Signup/Sign In

Extracting Meta Data from PDF Files

This tutorial comes under the category of Cyber Forensics. The example we are going to discuss is a real life incident in which a member of the hacker group Anonymous was arrested, after they released a PDF file (as oress release) with information about their group and the online attacks conducted by them. The proof against him was, the metadata extracted from the PDF file that was released. You can download the pdf from here.

In this tutorial we will also try to extract the metadata from the above pdf file and see what information does it contains. But first of all, let's try to understand What a Metadata is?

Metadata is data about data. Metadata is structured information that explains, describes, or locates the original primary data, or that otherwise makes using the original primary data more efficient.

In simple words, metadata holds information about the data. In case of a PDF file with some data, the metadata will be the date of creation of the PDF, it may even have the Mac address of the computer on which it was created, name of the author, which software was used to create the PDF etc.

Now there is still one more thing we need to do before we could actually start to extract meta data from a PDF file. We need to install yet another python module known as pyPdf. To install it, just follow the steps:

  • Download pyPdf tar.gz file from here.
  • Extract the tar.gz file using the following command: tar -xvzf 'filename'
  • Now change your directory to the freshly extracted folder.
  • Install package by running, python setup.py install command.
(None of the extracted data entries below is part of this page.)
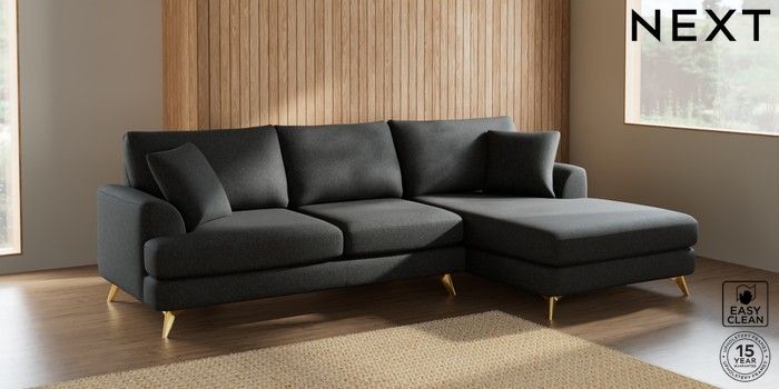 7.2.5 Buy Parker Large Sofa Chaise - Right Hand Tweedy Blend Easy Clean Charcoal Grey High Metal - Brass from the Laura Ashley online shop Click here to use our website with more accessibility support, for example screen readers
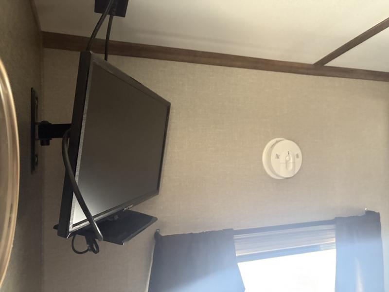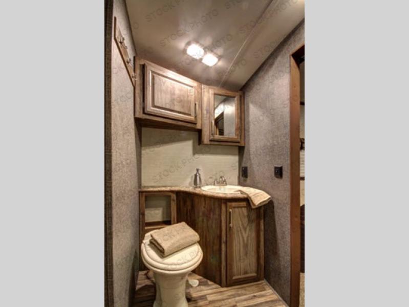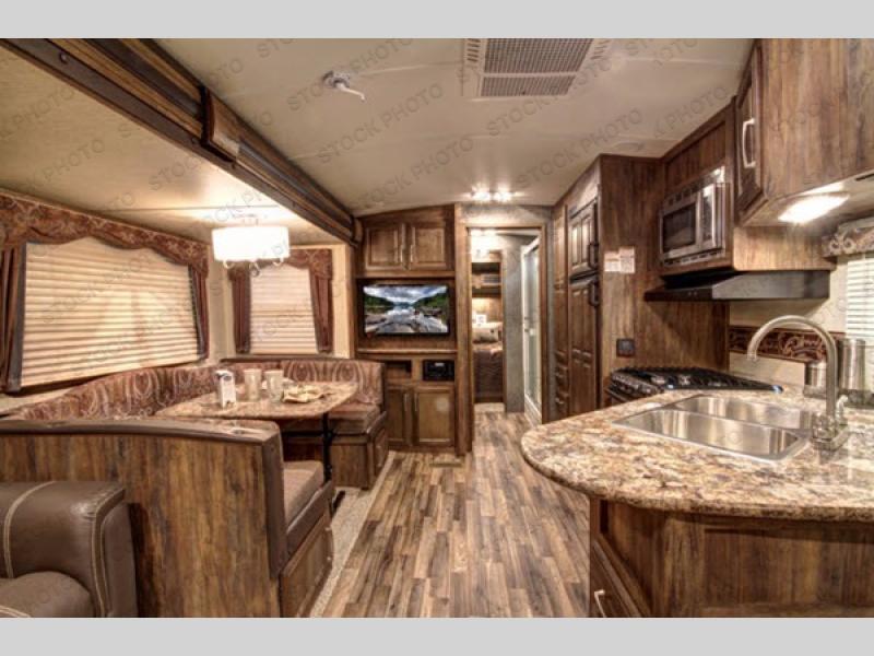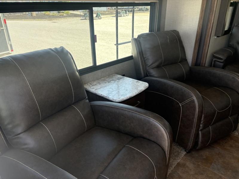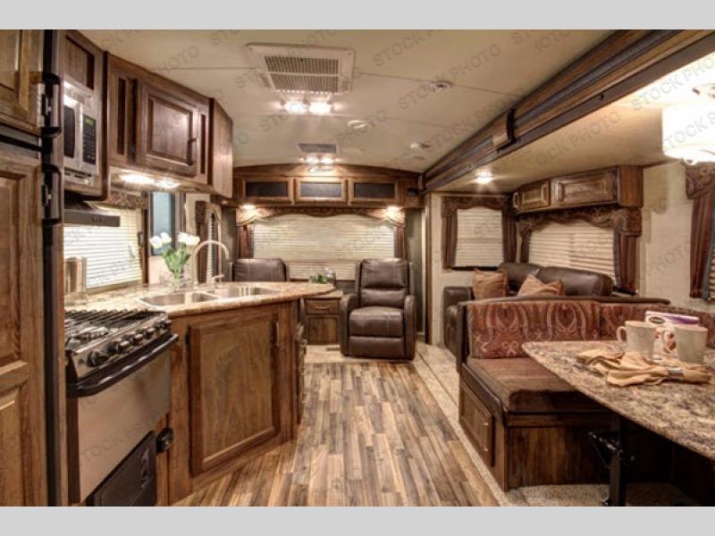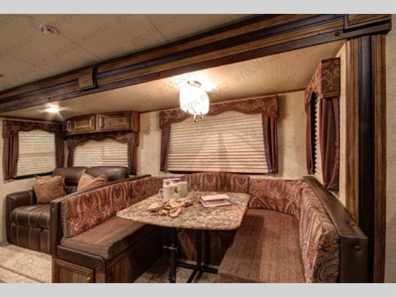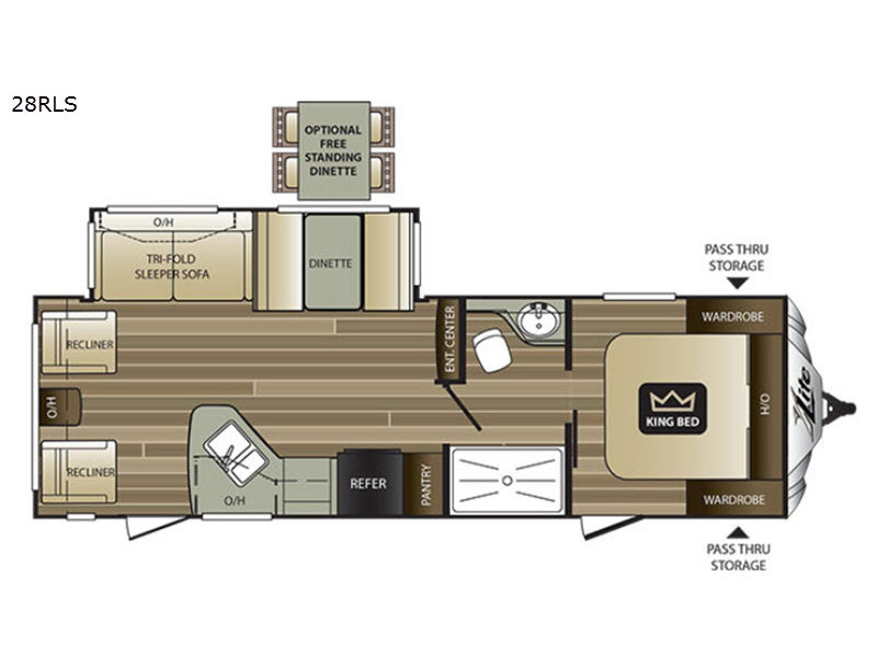 As you enter the main entry you see two recliners with an end table and overhead storage space along the rear wall. There is a road side tri-fold sleeper sofa and booth dinette slide out for plenty of seating during mealtimes and just hanging out. Plus, both can be quickly converted to sleeping space for family or guests. An optional free-standing dinette can be chosen in place of the booth dinette. A nearby entertainment center can be easily viewed from anywhere in the room.
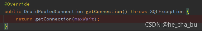 然后再看Druid的getConnection()方法会先初始化,然后返回一个连接。似乎没啥问题,那么问题来了,如果atomikos配置初始化20个连接,而Druid的最大连接只允许创建5个,那不就意味着atomikos连接池想从Druid这边获取20个连接不可行了吗?
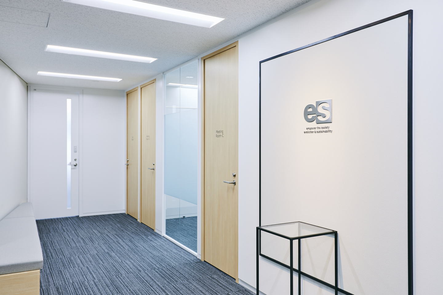 エレベーターを降りるとすぐにエントランス&来客用MTGスペースが!MTGスペースは様々なディスカッションに対応できるように全てのお部屋にホワイトボードやモニターを完備!
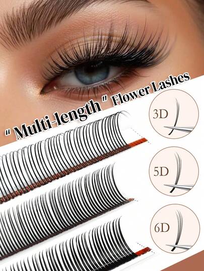 CoMango 12排D型卷翘3D/5D/6D仙女睫毛嫁接套装,防潮睫毛簇,预扇形仿貂毛5D花朵睫毛,化妆用品
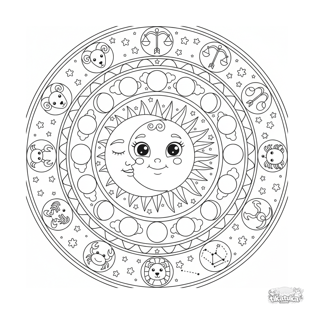 Página para colorir mandala celestial do sol e da lua para crianças de 10-12 anos. Inclui fases da lua, estrelas e símbolos do zodíaco. Design simétrico complexo com alto detalhe.
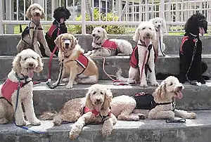 Guide Dogs Victoria no longer breeds Labradoodles;[10] however, they are bred by other guide and assistance dog organizations in Australia and elsewhere.[16] The Association for the Blind of Western Australia has introduced Labradoodles into their training program. Their first, Jonnie, graduated in November 2010.[17][18] Labradoodles are now widely used around the world as guide, assistance, and therapy dogs.[19][20] They are also popular family dogs.[10]
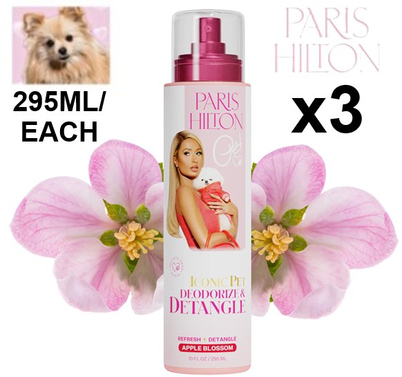 3 PARIS HILTON Iconic Pet DEODORIZE & DETANGLE SPRAY for dogs - 295ML/EACH - apple blossom
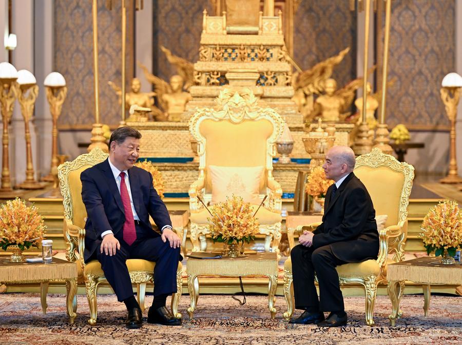 الرئيس الصيني شي جين بينغ يلتقي ملك كمبوديا نورودوم سيهاموني في القصر الملكي في بنوم بنه، كمبوديا، في 17 أبريل 2025. (شينخوا)
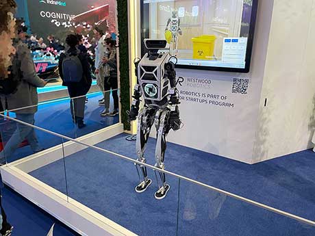 今年のMWCでは、人型ロボットや四足歩行ロボットの展示が会場の複数ホールで多く見られました。会場のあちこちでロボットが実際に歩いたり作業を行ったりするデモが行われており、AIとロボティクスを組み合わせた「Physical AI」というテーマが強く打ち出されている印象を受けました。
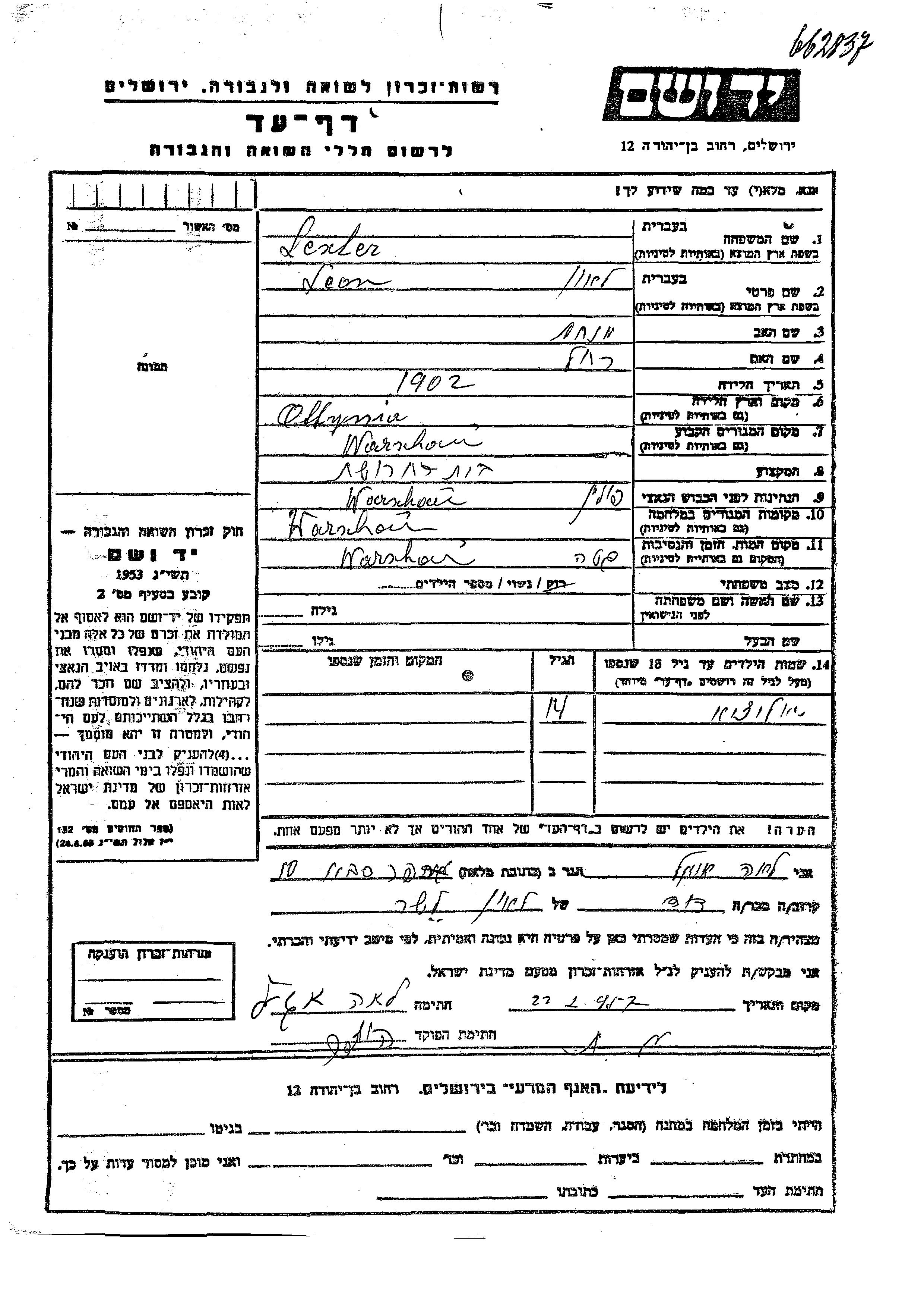 Яд Вашем - Листы свидетельских показаний Мемориального фонда
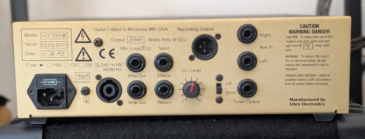Verkaufe Eden Traveler 550 Amp. Steht seit längerem bei mir rum ohne Einsatz, dager verkaufe ich den. Funktioniert alles ohne Probleme. Auf Grund des Gewichtes (fast 10 Kilo), kein Versand. Ich finde gerade keine passende stabiele Verpakung dafür. Anspielen und Testen mit Terminabsprache möglich.

Program to extract metadata from PDF file

Below is the program to extract the metadata from a PDF file:

meta_extract.py

#!usr/bin/env python
# This program displays metadata from pdf file

import pyPdf

def main():
    # Enter the location of 'ANONOPS_The_Press_Release.pdf'
    # Download the PDF if you haven't already
	filename = <LOCATION_OF_THE_PDF>
	
	pdfFile = pyPdf.PdfFileReader(file(filename,'rb'))
	data = pdfFile.getDocumentInfo()

	print "----Metadata of the file----"
	
	for metadata in data:
		print metadata+ ":" +data[metadata]

if __name__ == '__main__':
	main()

Output:

Extracting MetaData from PDF Files using pyPDF

So now, whenever you receive any suspicious PDF file, you can easily access it metadata to find out its origin. Cool! isn't it?